Stored records:

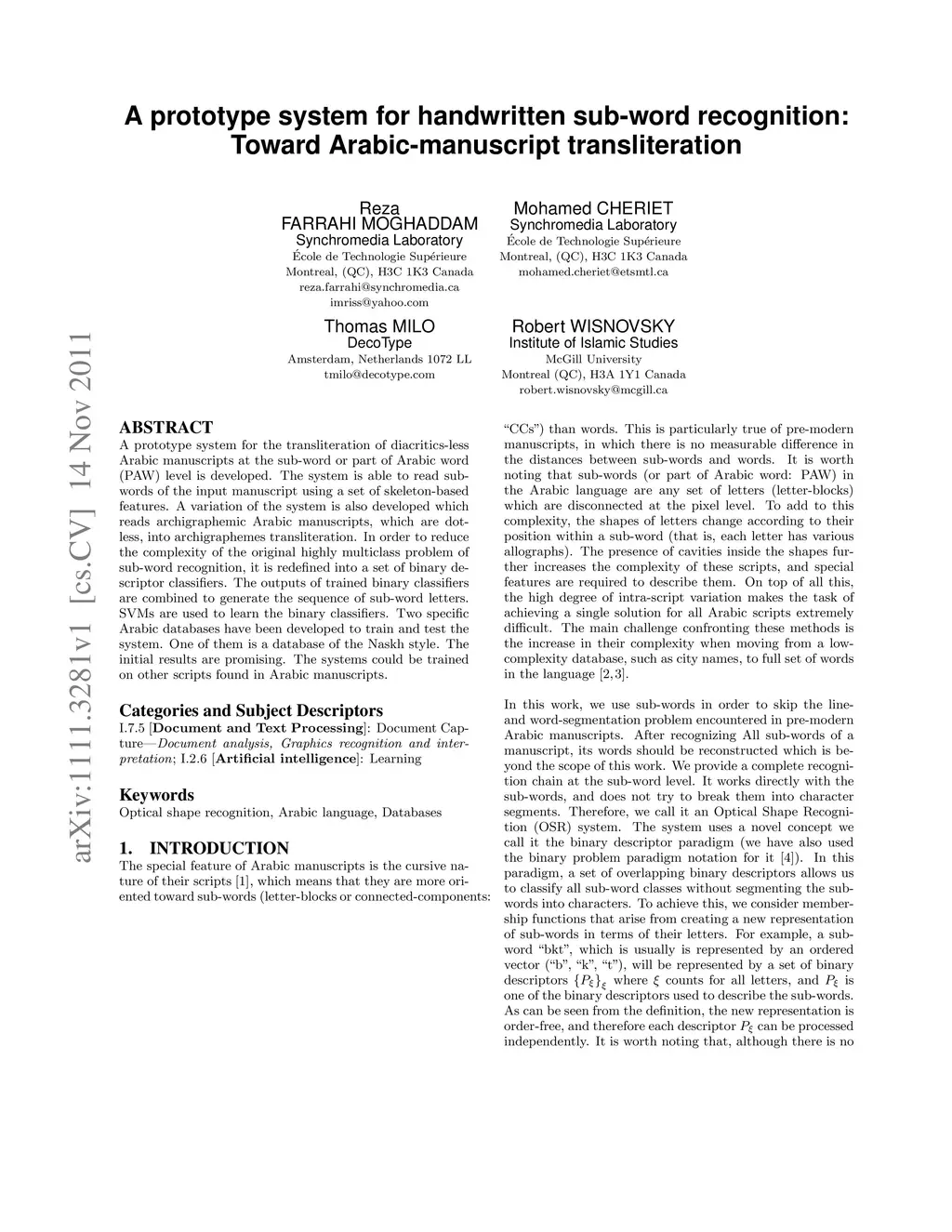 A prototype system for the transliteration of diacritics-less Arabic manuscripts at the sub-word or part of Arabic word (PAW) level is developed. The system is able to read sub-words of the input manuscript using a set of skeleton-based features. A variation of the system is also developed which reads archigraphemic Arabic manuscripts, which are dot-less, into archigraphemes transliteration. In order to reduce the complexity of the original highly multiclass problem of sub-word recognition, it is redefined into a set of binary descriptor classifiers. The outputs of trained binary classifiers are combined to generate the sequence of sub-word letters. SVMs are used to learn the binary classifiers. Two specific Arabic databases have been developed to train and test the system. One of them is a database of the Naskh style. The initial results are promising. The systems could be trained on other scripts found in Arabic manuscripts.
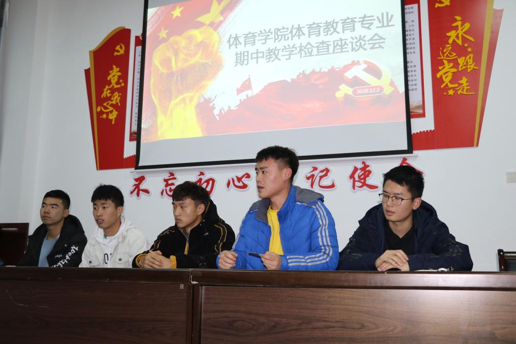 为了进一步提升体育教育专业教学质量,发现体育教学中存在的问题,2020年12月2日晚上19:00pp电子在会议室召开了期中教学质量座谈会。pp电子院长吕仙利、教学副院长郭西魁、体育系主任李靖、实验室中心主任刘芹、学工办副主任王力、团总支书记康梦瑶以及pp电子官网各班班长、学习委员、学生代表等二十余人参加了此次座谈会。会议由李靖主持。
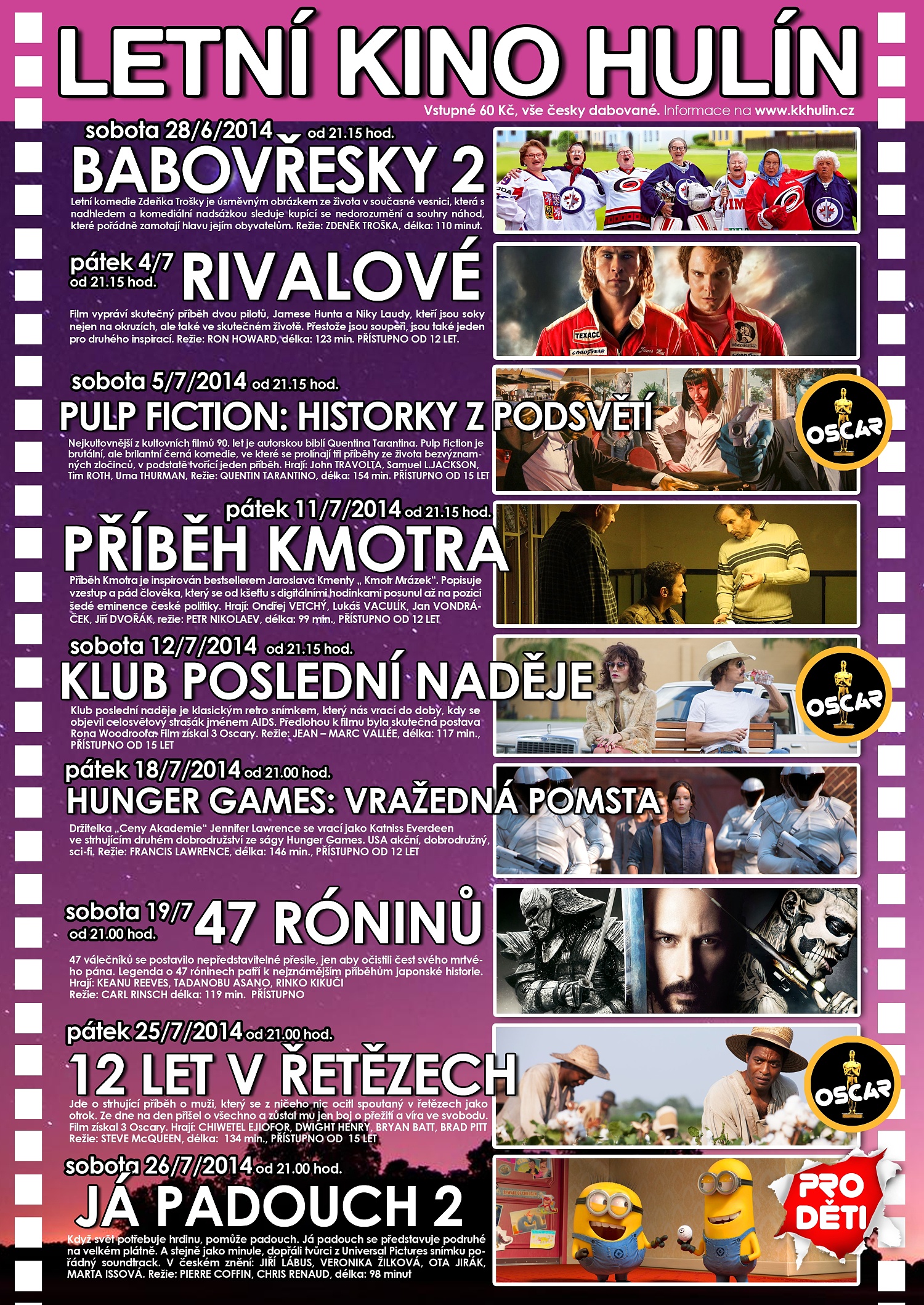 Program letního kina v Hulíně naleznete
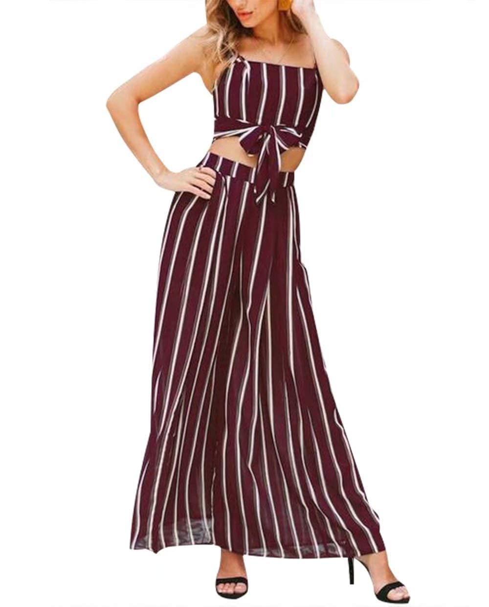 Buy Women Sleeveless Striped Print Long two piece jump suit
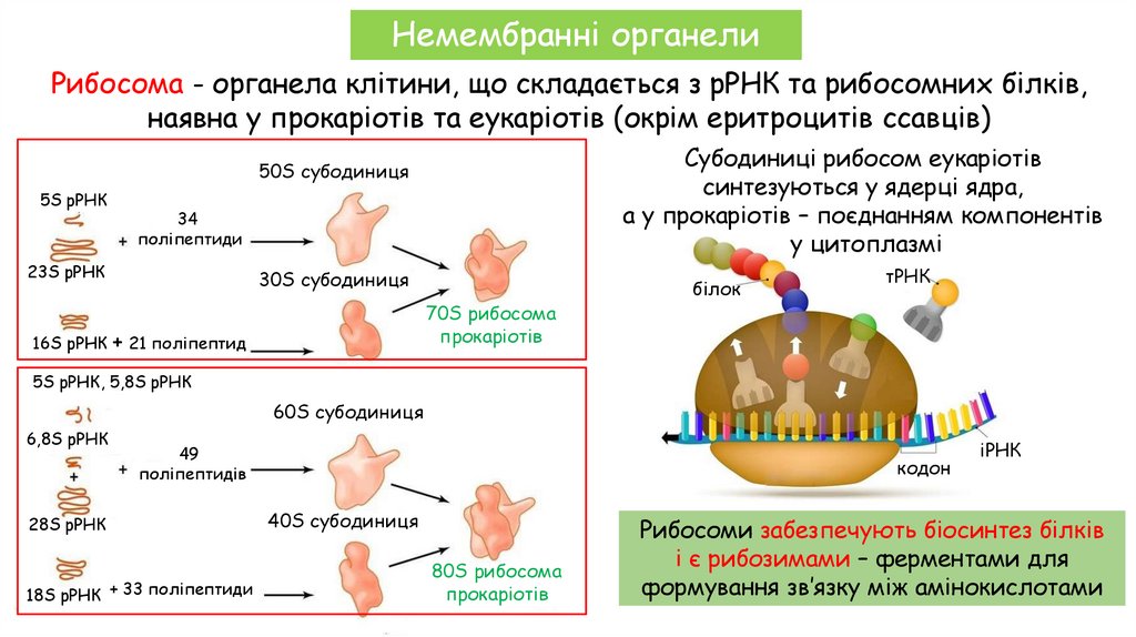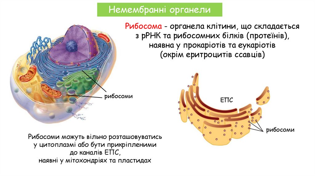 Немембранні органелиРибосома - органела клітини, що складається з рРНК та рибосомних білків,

=== Work to be completed ===
Find the line that contains "Buy Women Sleeveless". Reproduce it and every later line of the records exactly, minus the pictures.

=== Response below ===
 Buy Women Sleeveless Striped Print Long two piece jump suit
 Немембранні органелиРибосома - органела клітини, що складається з рРНК та рибосомних білків,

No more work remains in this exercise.